Idaho professor charged for threat

Jennifer Dobner Associated Press

SALT LAKE CITY – An Idaho professor has been charged with falsely claiming that he had mailed a dangerous substance to a trustee overseeing his bankruptcy case in Utah, federal authorities said Thursday.

The trustee received a plastic bag of brown pellets wrapped with a message: “Termites or hantavirus from mice?” Assistant U.S. Attorney Trina Higgins said.

Hantavirus is a potentially fatal disease passed through rodent droppings. Tests showed the contents were not hazardous, Higgins said.

Thomas F. Hale, 61, pleaded not guilty in federal court Thursday, two days after he was arrested at Salt Lake City International Airport after a flight from Chicago.

He is a history professor at Idaho State University in Pocatello, Idaho, and owns a house in Salt Lake City. In October 2005, Hale filed for Chapter 13 bankruptcy protection, which allowed him to propose a plan to pay his creditors.

A judge, however, rejected the plan, converted the case to Chapter 7 and appointed trustee Elizabeth Loveridge to control Hale’s finances.

A three-count indictment charges Hale with committing a hoax with the threat of a dangerous substance, giving a false statement in the bankruptcy case, and concealing his ownership of the Salt Lake City home, which he was selling for $395,000.

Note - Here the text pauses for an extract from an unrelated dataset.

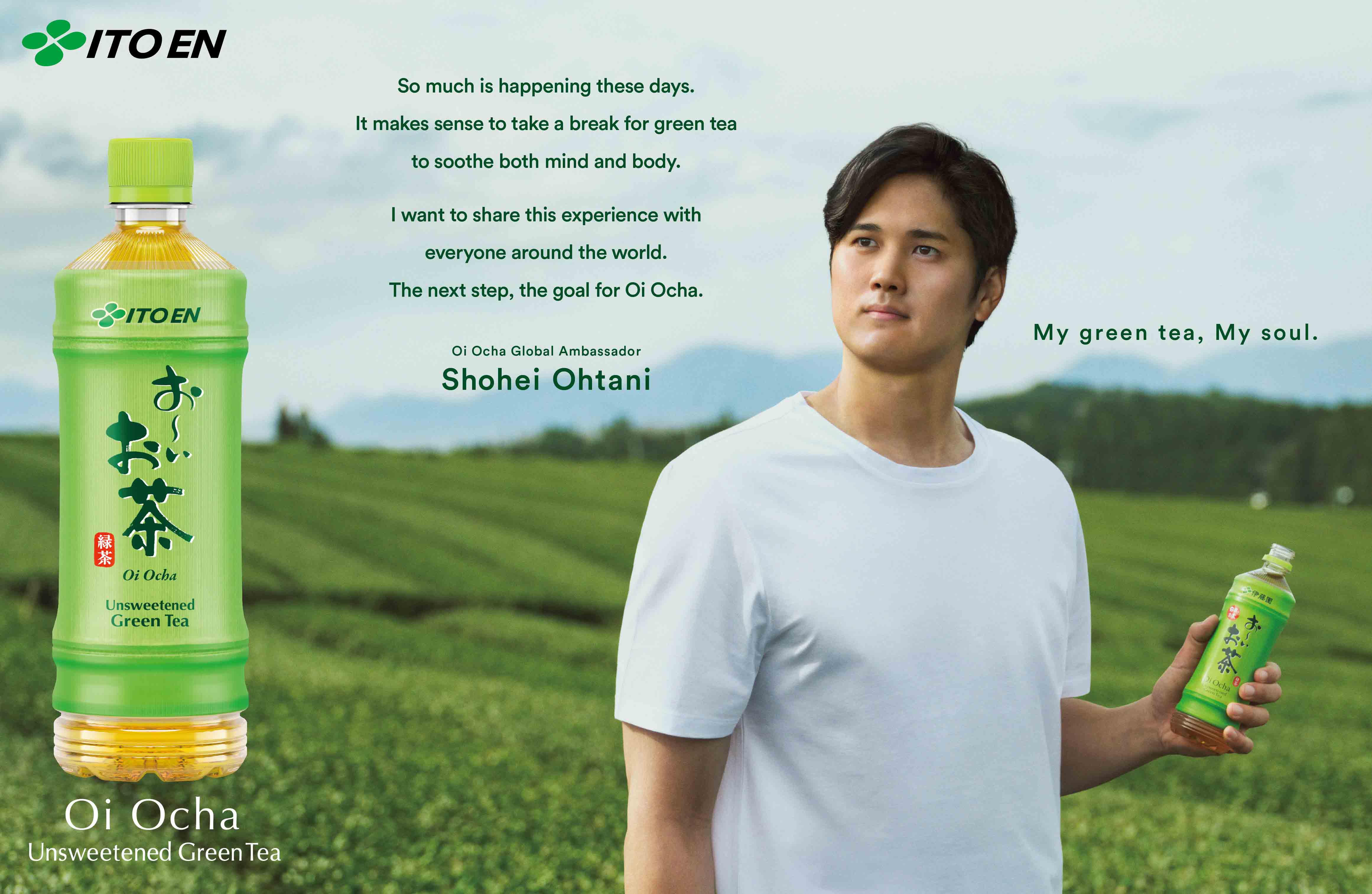 โชเฮ โอตานิ ได้รับการแต่งตั้งเป็นแอมบาสเดอร์ระดับโลกของ อิโต เอ็น “โออิ โอฉะ” รับหน้าที่โปรโมตวัฒนธรรมการดื่มชาของญี่ปุ่นไปทั่วโลก สมกับที่เขากล่าวไว้ว่า “ชาเขียวที่อยู่เคียงข้างผมในทุก ๆ วัน”

U.S. Magistrate Judge Paul Warner agreed to release Hale but said he must undergo mental-health treatment.

Defense attorney Larry Keller said Hale sent the package because he felt Loveridge was mismanaging his rental properties and tenants were complaining about termites.

Warner said the explanation was “interesting.”

Keller acknowledged that sending the envelope wasn’t the “appropriate thing to do … in a post-9/11 world.”

A trial was set for March 5. The hoax charge carries a maximum penalty of 30 years in prison. The others each carry a five-year maximum punishment.

Hale sent Loveridge a fax Nov. 16 telling her that he planned to send bankruptcy documents and something that needed to be checked by hazardous-materials experts, Higgins, the prosecutor, said.

Loveridge received the envelope on Nov. 20 and contacted Salt Lake City police. A bomb squad and the fire department’s hazardous-materials team took the envelope and found it contained nothing harmful, FBI spokesman O. Scott Wall said.

A technician, Ryan Mellor, said it turned out to be some kind of powder.